Overview
MongoDB Atlas for Government has achieved FedRAMP Moderate Authorization and is a separate environment of MongoDB Atlas, dedicated to meeting the demanding security and privacy needs of the US Government.
It is a fully managed MongoDB service engineered and run by the same team that builds the database and MongoDB Atlas. It incorporates operational best practices we've learned from optimizing thousands of deployments across startups and the Fortune 100. Build on MongoDB Atlas for Government with confidence, knowing that you no longer need to worry about database management, setup, and configuration, software patching, monitoring, backups, or operating a reliable, distributed database cluster.

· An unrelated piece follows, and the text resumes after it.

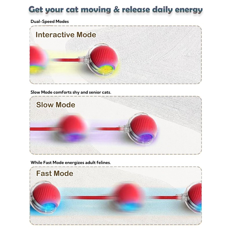 - 【Smart Interactive Modes & Auto-Dormant】Switch between 2 intelligent play modes: Active Chase (Blue Light): 5-minute continuous sprint for high-intensity play. Touch-Activated (Yellow Light): Auto-dormant after 5 minutes, restarting when your cat bats the ball—ideal for busy pet parents or multi-cat households. No more manual restarts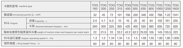 TDG型高效斗式提升機技術參數

MongoDB Atlas for Government is available in AWS GovCloud and AWS US FedRAMP Moderate regions.MongoDB Atlas for Government for AWS Marketplace includes: 24,000 MongoDB Atlas for Government Credits valid for 12 months for USD 24,000. Credits are consumed based on the chosen cluster configuration, backup settings, and network transfer costs
MongoDB Atlas for Government Pro Support with 2 hr response time SLA. The MongoDB Atlas for Government Pro plan provides access to proactive, consultative support. The same team that builds the database helps you throughout your entire application lifecycle. You can ask MongoDB experts unlimited questions, 24 x 365, globally.
Highlights
- Highly available: Clusters are geo-distributed fault-tolerant and self-healing. Deploy across multiple regions (e.g.: spanning GovCloud east and west regions) for even better guarantees and local reads.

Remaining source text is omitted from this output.